Is there a way to detect .xls document?

Aleksei Budiak
  • 871
  • 5
  • 16
gstackoverflow
  • 36,709
  • 117
  • 359
  • 710
  • Have a look at the source of [EmbeddedExtractor](https://poi.apache.org/apidocs/org/apache/poi/ss/extractor/EmbeddedExtractor.html) – kiwiwings Sep 22 '17 at 20:14
  • 1
    @kiwiwings You seem experienced with Apache POI. Wouldn't it be enough to check something like `POIFSFileSystem(inputStream).getRoot().getStorageClsid().equals(ClassID.EXCEL97)`? Since I don't know the file format well I couldn't be sure that it is reliable or not. – Kul-Tigin Sep 26 '17 at 06:43
  • 2
    @Kul-Tigin Beside the `ClassID`, I would also check for `DirectoryNode` names - see the `BiffExtractor` in [EmbeddedExtractor](https://svn.apache.org/repos/asf/poi/trunk/src/ooxml/java/org/apache/poi/ss/extractor/EmbeddedExtractor.java). Not every program, which outputs .xls/.doc, sets the ClassId correct. Be aware that there are multiple `DirectoryNode` names for e.g. Excel (see [`InternalWorkbook`](https://svn.apache.org/repos/asf/poi/trunk/src/java/org/apache/poi/hssf/model/InternalWorkbook.java)`.WORKBOOK_DIR_ENTRY_NAMES`) – kiwiwings Sep 26 '17 at 16:28
  • Is it an option to use Apache Tika? https://tika.apache.org/ – Nathanael Sep 27 '17 at 12:29
  • @Nathanael Tika usesPOI internally – gstackoverflow Sep 27 '17 at 13:33
  • 1
    Yes, if you could use Tika you can use the MimeType detection. Or you can look in the source code how they implemented it. E.g. the POIFSContainerDetector – Nathanael Sep 28 '17 at 12:30
  • @Nathanael, I can use Tika. – gstackoverflow Sep 28 '17 at 12:33
  • The `file` command (cygwin) seems to differentiate these. You use it via ProcessBuilder or use its code to do file magic check. – Jayan Oct 01 '17 at 08:39

3 Answers3

3

Both .doc/.xls documents can are stored in the OLE2 storage format. The org.apache.poi.poifs.filesystem.FileMagic helps you to detect the file storage format only and not sufficient alone to distinguish between .doc/.xls files.

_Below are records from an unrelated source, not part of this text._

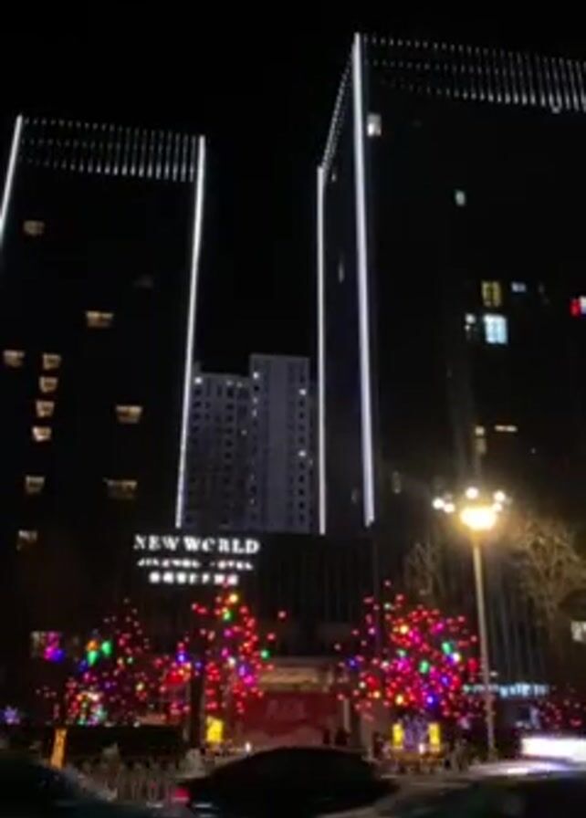 night scene of the New World Jinjiang Hotel in China. The hotel is flanked by two tall buildings with vertical white lights. The hotel entrance is decorated with colorful Christmas lights. A street runs in front of the hotel, and a green taxi passes by.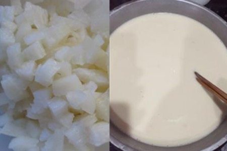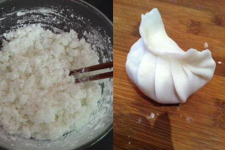 第三步,煮开水,然后将澄粉和淀粉加在一起,混合均匀后,用煮好的开水倒入粉中,一边搅拌一边加水,倒完水后将粉揉在一起使其变成面团。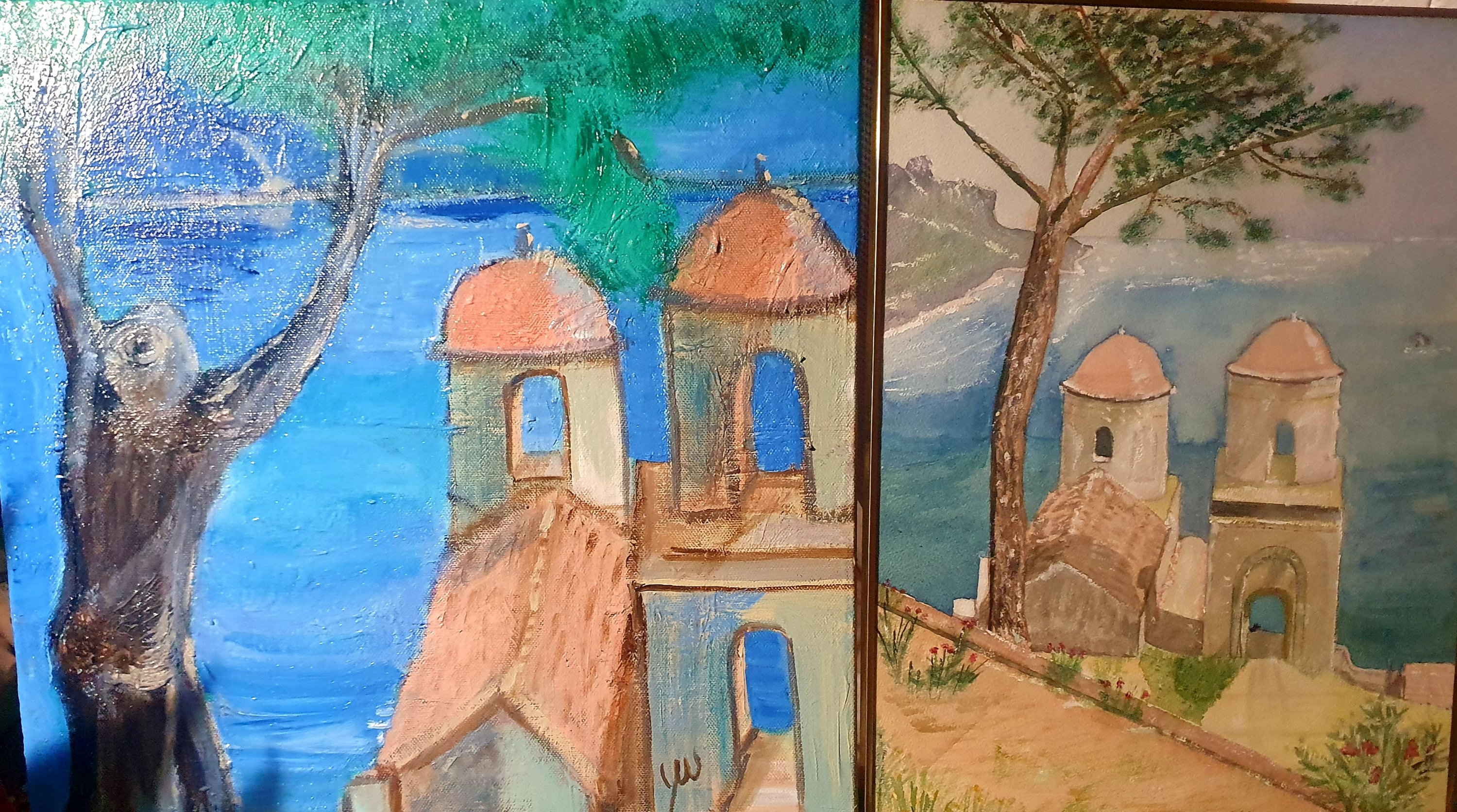 Von Yvonne Wilken: Inspiration identisch (Küstenlandschaft mit Kirche bei Amalfi) – Materialien und Eindruck verschieden: links Acryl auf Leinwand 40 x 40 von 2021 (der Nachdruck liegt auf dem menschlich erscheinenden Baum, den hochaufragenden Türmen und den Farben des Meeres) – rechts Aquarell 30 x 40 von 1989 (die Betonung liegt auf den Tieren – Delphin und Hund – und den sanften Farben der Landschaft)

Also it does not appear that there is any direct API available in POI library to determine the document type (excel or document) for given inputstream/file.

Below example my be helpful to determine if given stream is a valid .xls (or .xlsx)file with the caveat that it read the given inputstram and close it.

    // slurp content from given input and close it
    public static boolean isExcelFile(InputStream in) throws IOException {
        try {
            // it slurp the input stream
            Workbook workbook = org.apache.poi.ss.usermodel.WorkbookFactory.create(in);
            workbook.close();
            return true;

        } catch (java.lang.IllegalArgumentException | org.apache.poi.openxml4j.exceptions.InvalidFormatException e) {
            return false;
        }
    }

You may found more information on excel file format on this link

Update Solution based on Apache Tika as suggested by gagravarr:

public class TikaBasedFileTypeDetector {
    private Tika tika;
    private TemporaryResources temporaryResources;

    public void init() {
        this.tika = new Tika();
        this.temporaryResources = new TemporaryResources();
    }

    // clean up all the temporary resources
    public void destroy() throws IOException {
        temporaryResources.close();
    }

    // return content mime type
    public String detectType(InputStream in) throws IOException {
        TikaInputStream tikaInputStream = TikaInputStream.get(in, temporaryResources);

        return tika.detect(tikaInputStream);
    }

    public boolean isExcelFile(InputStream in) throws IOException{
        // see https://stackoverflow.com/a/4212908/1700467 for information on mimetypes
        String type = detectType(in);
        return type.startsWith("application/vnd.ms-excel") || //for Micorsoft document
                type.startsWith("application/vnd.openxmlformats-officedocument.spreadsheetml"); // for OpenOffice xml format
    }
}

See this answer on mime types.

skadya
  • 4,330
  • 19
  • 27
  • 1
    You need to give Tika the whole file via a `TikaInputStream` if you want it to do Container-aware detection to get the OLE2 subtype, to work out if it's DOC or XLS, you can't get that from Mime Magic alone – Gagravarr Oct 01 '17 at 02:34
  • try catch blocks should never be used as an if statement – JSON Oct 21 '20 at 17:49
2

You can work with Apache POI's - HSSF module.
That model (library) is written to read and write xls files (and latest for xlsx as well - although these are different languages).
With this code...

InputStream ExcelFileToRead = new FileInputStream("FileNameWithLink.xls");
HSSFWorkbook wb = new HSSFWorkbook(ExcelFileToRead);
HSSFSheet sheet = wb.getSheetAt(0);

...you can detect if it is readable xls file.
Going deeper you can use this code to try reading it etc. Actually that module is really easy to use.
There can be situations that it technically is .xls file, but it may not be readable (there can be various problems with it).
Extra - XSSF is for .xlsx and HSSF is for .xls.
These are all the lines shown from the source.